(urth) Father Inire [was: Pike's ghost]

Gerry Quinn gerry at bindweed.com
Thu Dec 1 14:51:01 PST 2011



From: Lee Berman 

> Well, I'm being silly. The text of UotNS makes it pretty clear that it is the hierodules
> who are being refered to as cousins. The Baldanders/Talos conversations rather clearly
> describe B, F and O as reluctant helpers of humanity. 

Indeed, it seems likely that these are the cousins in question.  Reluctantly or not, they seem willing to help both humanity and others; Severian interrupts one of their visits to the room where Baldanders vivisects human women.  As interstellar arms dealers, if that is one of their roles on Urth, they also apparently do not choose sides.  They seem to take the view that conflict leads to progress.
 

> Invoking the religio-mythological connection, who would be the "once or twice removed" 
> relatives of angels? As I see it, removed from heaven= fallen. I think we can expect 
> that fallen angels would be, in many ways, the opposite of angels. 

This angle would seem to require that you identify angels.  You mean the interstellar arms dealers, right?  Would an angel say: "Is all the world a war of good and bad? Have you not thought it might be something more?"


> B and F are tall, 
> Inire and Cumaean are short. B and F are young and beautiful, Inire and Cumaean are 
> old and ugly. B and F are careful to minimize their interactions with humanity.
> Inire and the Cumaean get right into the thick of things- ugly things like war and
> necromancy and artificial beautification.

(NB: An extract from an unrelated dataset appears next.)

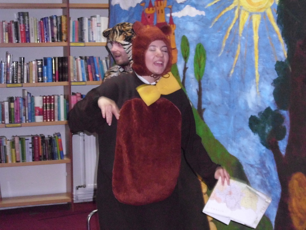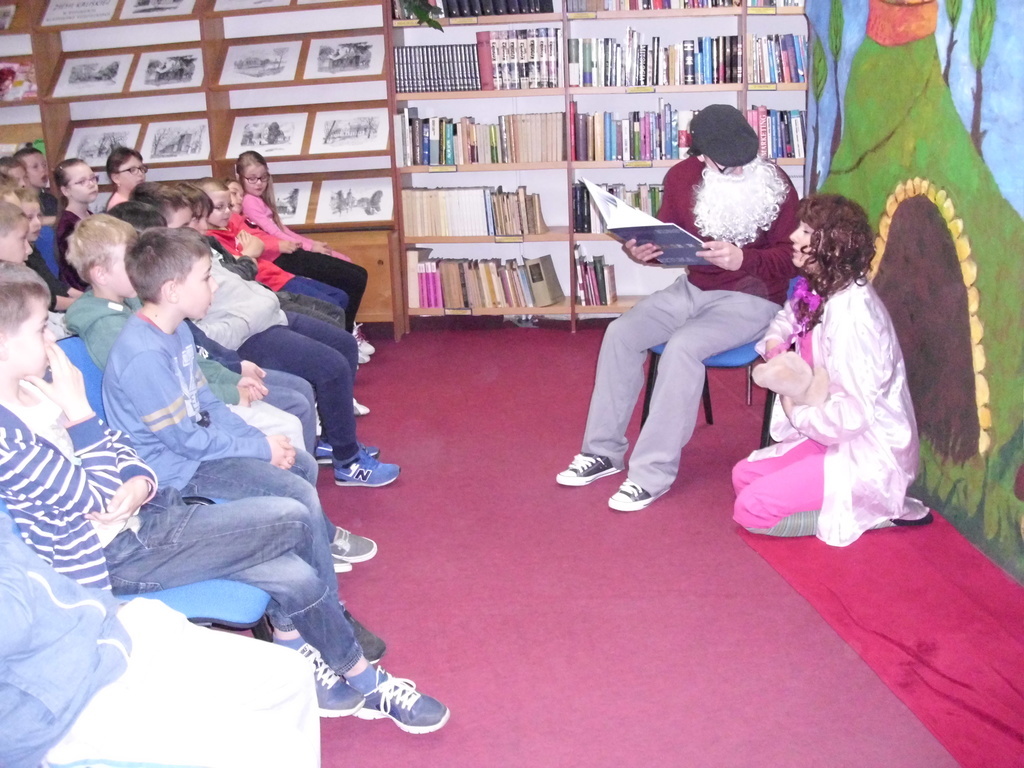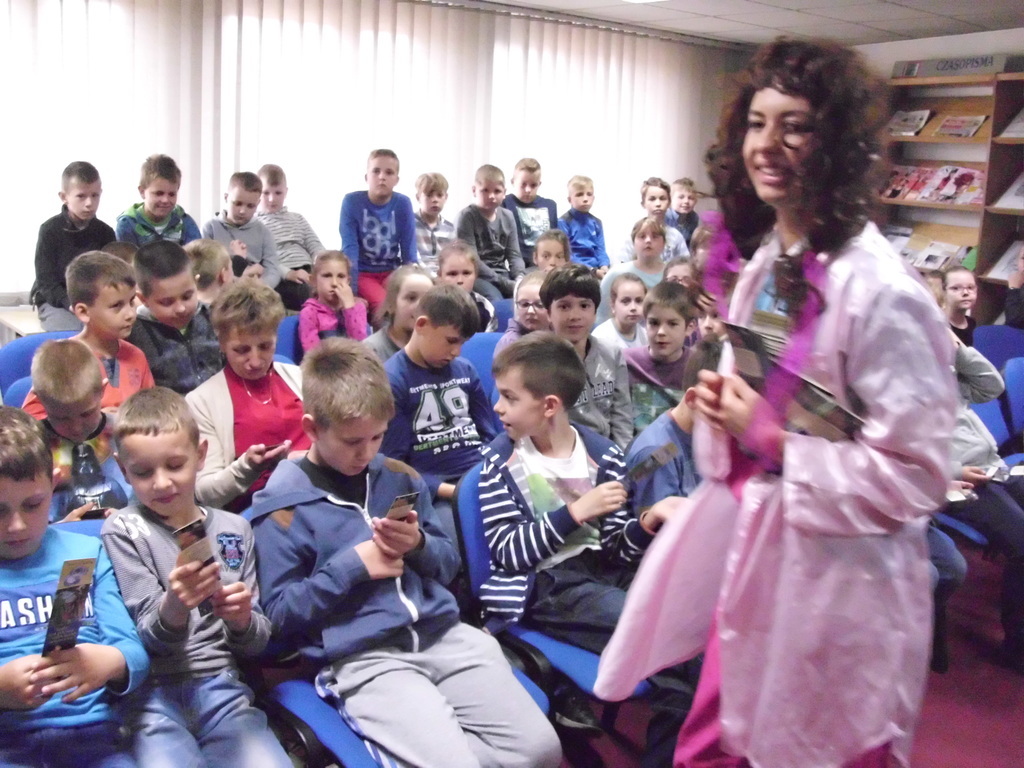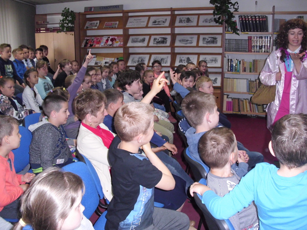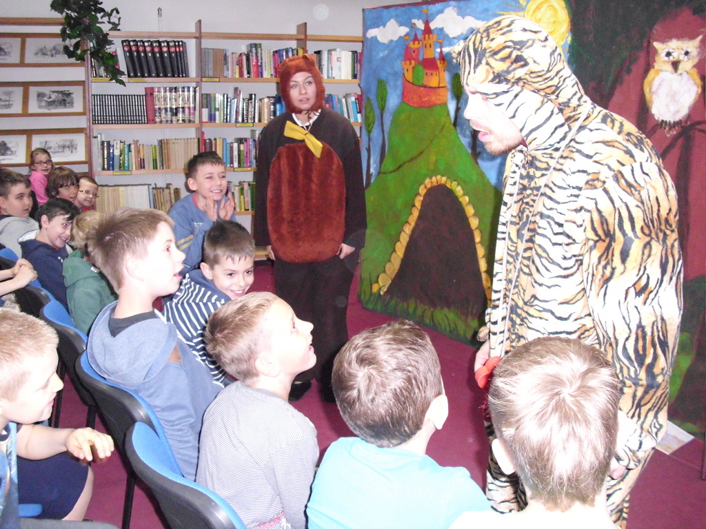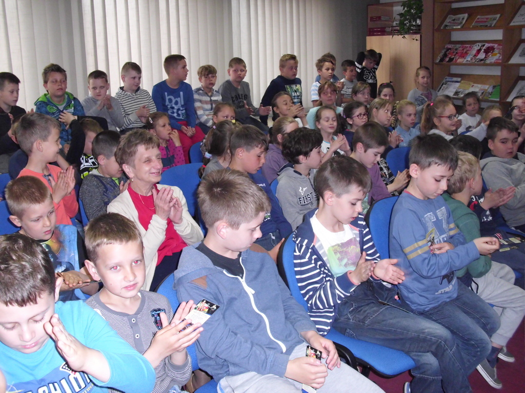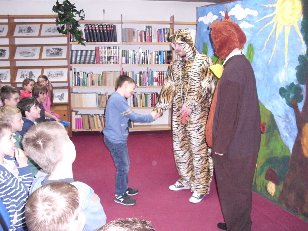 Dzieci świetnie się bawiły, nawiązały bardzo dobry kontakt i dialog z aktorami, którzy obdarowali wszystkich widzów zakładkami do książek z logo Teatru „Maska”. Uczniowie nie mieli ochoty opuścić biblioteki, ponieważ chętnie obejrzeliby kolejny spektakl.

If the Hierodules are supplying weapons to both sides (of course we’re not certain of that, I think – perhaps some other group of cacogens is supplying them, in which case it might be *they* who are Inire’s cousins), they would seem to have a worse claim on our sort of morality than Inire.  The Cumaean does a little necromancy, but the artificial beautification was the work of the Hierodules’ pal Talos.

 
> Anyway, what Inire hopes to get from his "cousins" are more weapons. This is made clear 
> from the letter and Inire's obsession with winning the war with the Ascians. When he
> says "us" he may mean Inire and Severian. He may mean the Commonwealth. It doesn't
> matter. Think of it from Father Inire's perspective. He gets a new Autarch every few
> decades but he remains in his position as "humble servant" for 1000+ years. Who is really 
> benefitting when the Autarch and the Commonwealth triumph? Father Inire. 

Is there any evidence that Inire has been around for 1000 years, or anything like it?  And if he knows that Severian will bring the New Sun, he doesn’t apparently intend to do anything to stop it.

 
> B, F and O seem to have higher goals in mind than winning wars.

Indeed, it appears they don’t care who lives or dies so long as human knowledge advances.  They would willing have worked simultaneously with Josef Mengele and the Manhattan Project.


> Inire, Cumaean and Barbatus 
> and Famulimus may share Roman names, as cousins might be expected to do,  but their physical, 
> behavioral and lifespan differences must mean something. We may be tempted to think of Inire 
> as a wise, benign, humble sort of servant to Severian. But if we read Inire's letter and the 
> story of Domnina carefully we are shown disturbing flaws in his character. Wolfe marks Father
> Inire's chamber with a monstrous ("teratoid") symbol. Should we ignore it?     

No more than we should ignore the hideous masks worn by Barbatus and co., I suppose.